In a warehouse there are 10 radios of which 4 are defective, 7 televisions of which 3 are defective. 3 items are selected and they are found to be defective. What is the probability that 1 is a radio and 2 are televisions?

Frankly, I see nothing conditional about the question.
What is the probability of selecting one defect TV and two defective radios?
This is a simple counting question: \(\dfrac{\dbinom{4}{1}\cdot \dbinom{3}{2}}{\dbinom{17}{3}}\)

 

[IVCab]

So I've been analizing it again and I tried to finish it like this:

Remember

\(\displaystyle P(B|A)=\dfrac{P(A\cap B)}{P(A)}\) and \(\displaystyle P(A)=\dfrac{\displaystyle\binom{7}{3}}{\displaystyle\binom{17}{3}}={\dfrac{35}{680}}\)

\(\displaystyle P(A\cap B)=\dfrac{\displaystyle\binom{4}{1}\binom{3}{2}}{\displaystyle\binom{17}{3}}={\dfrac{12}{680}}\)

I changed it because of the comment @pka did,

\(\displaystyle P(B|A)=\dfrac{\dfrac{12}{680}}{\dfrac{35}{680}}=\dfrac{12}{35}=.3428\)

What do you think guys? is it ok?

 

[Dr.Peterson]

You defined
A = three defective items are selected.
B = 1 radio and 2 televisions are selected
So A∩B = 1 defective radio and 2 defective televisions are selected; that is, 1 of 4 defective radios and 2 of 3 defective televisions. That's what you correctly found the probability of.

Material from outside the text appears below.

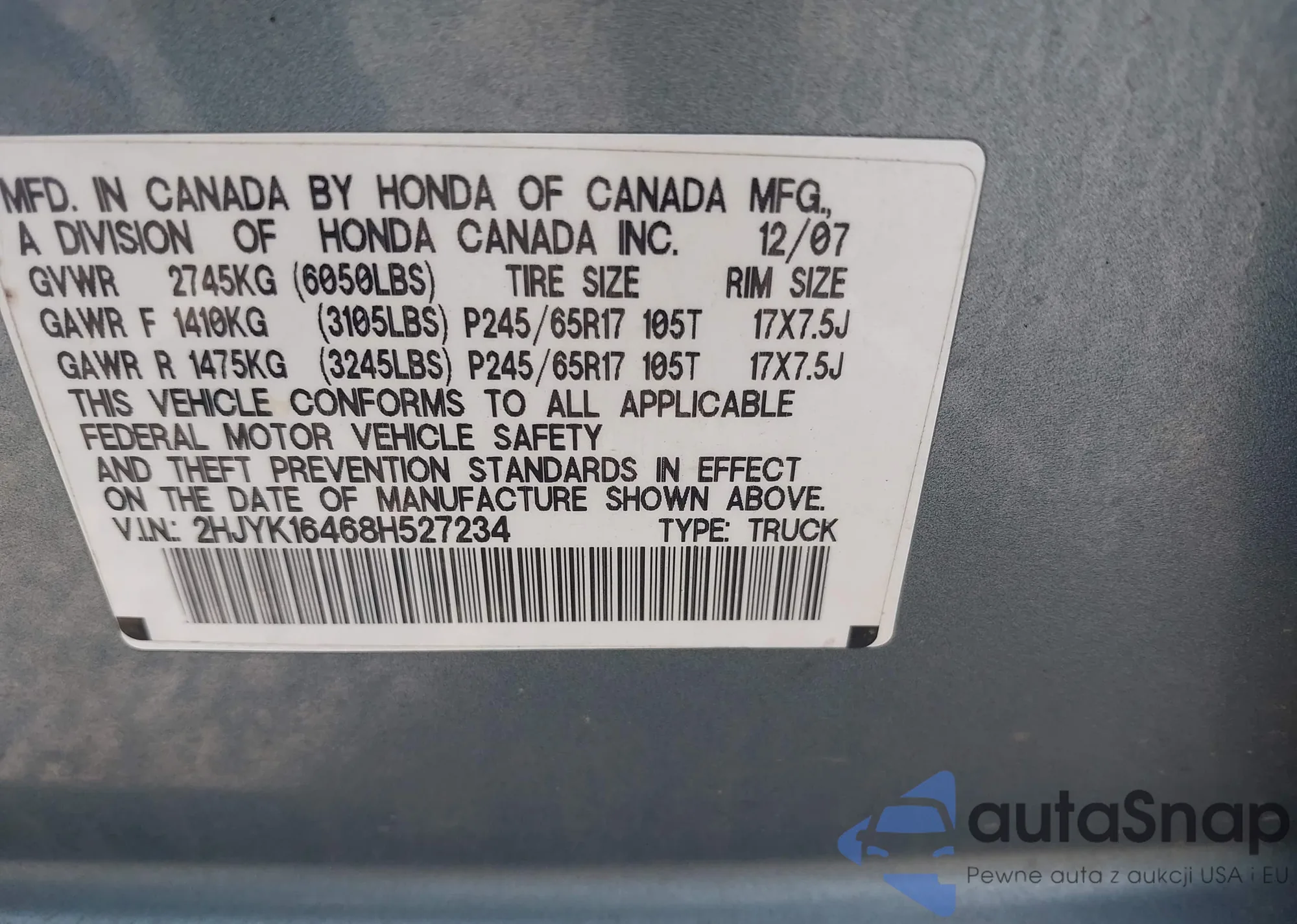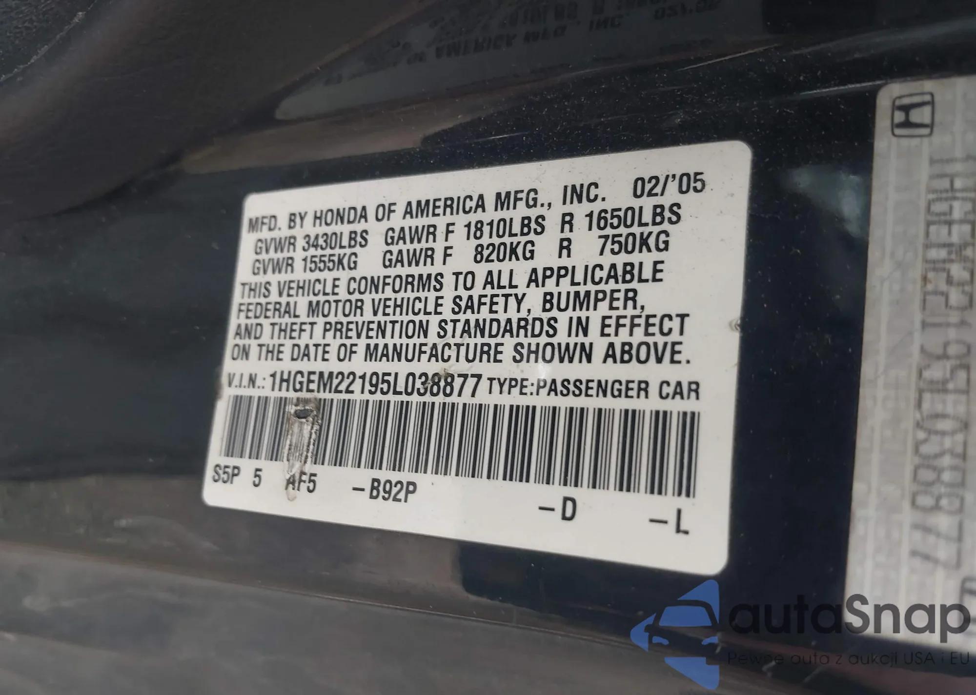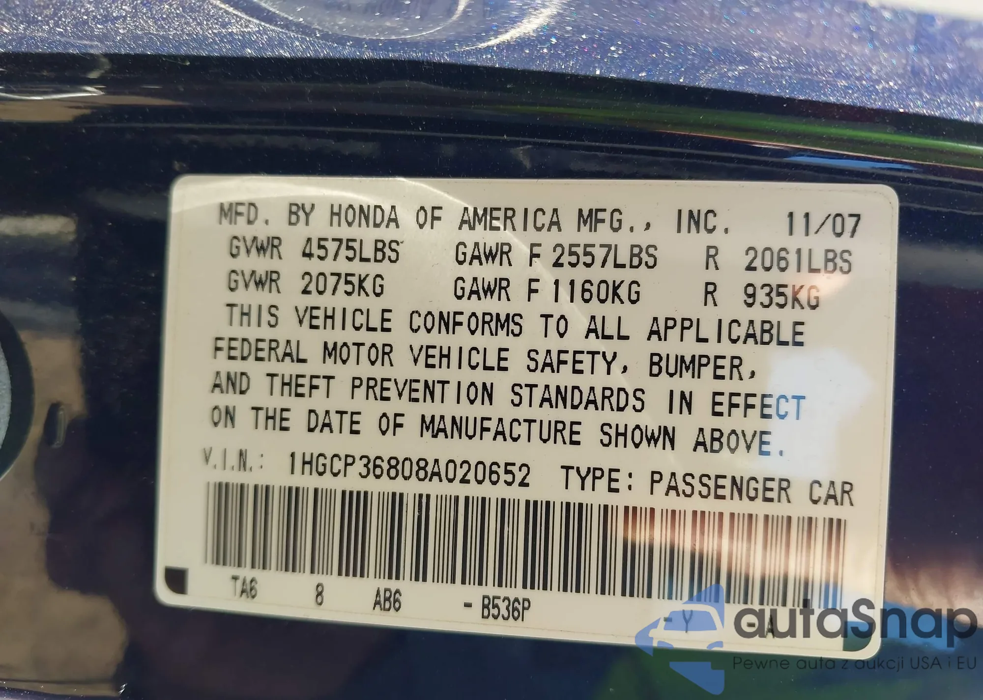 LOT: 43103313 VIN: 1HGCP36808A020652

So your answer looks good.

More simply, it turns out to be

[MATH]P(A | B)=\dfrac{\displaystyle\binom{4}{1}\binom{3}{2}}{\displaystyle\binom{7}{3}}={\dfrac{12}{35}}[/MATH]​

 

[IVCab]

Thanks guys, you have helped me a lot, now I understand most of it

 

[Steven G]

I'm pretty much stucked right now, can't find [MATH]P(A\cap B) [/MATH], because @Dr.Peterson is right, I found [MATH]P(B)[/MATH] instead, I have been reading for a couple of hours but I can't really formulate the idea, if you guys could give me a little help or similar examples I can study I would aprecciate it, and @Jomo you're completly right, I didn't put the answer because I'm not that sure what I'm doing ?, but I'm tryng my best

Here is a suggestion for an exam. If a student makes a mistake say in part a and using that wrong result in part b they make no mistake I know that I would give them full credit for part b. So on an exam if you know that you did a part wrong I advise you to continue so the grader knows that you know how to finish the problem.

 

[HallsofIvy]

Since we are given that the items selected are defective, the number of non-defective items is irrelevant. There are a total of 7 defective items, 4 radios and 3 televisions. The probability the first defective item chosen is a radio is 4/7. There are then 3 defective radios and 3 defective televisions. The probability the second defective item chosen is a television is 3/6= 1/2. There are then three defective radios and two defective televisions. The probability the third defective item chosen is a television is 2/5. The probability the three defective items chosen are a radio, and then two televisions, in that order, is (4/7)(1/2)(2/5)= 4/35.

We can show, by the same argument, that the probability the three defective items are one radio and two televisions, in any given order, is the same, 4/35. There are 3 distinct orders, RTT, TRT, and TTR, so the probability of one defective radio and two defective televisions is 3(4/35)= 12/35.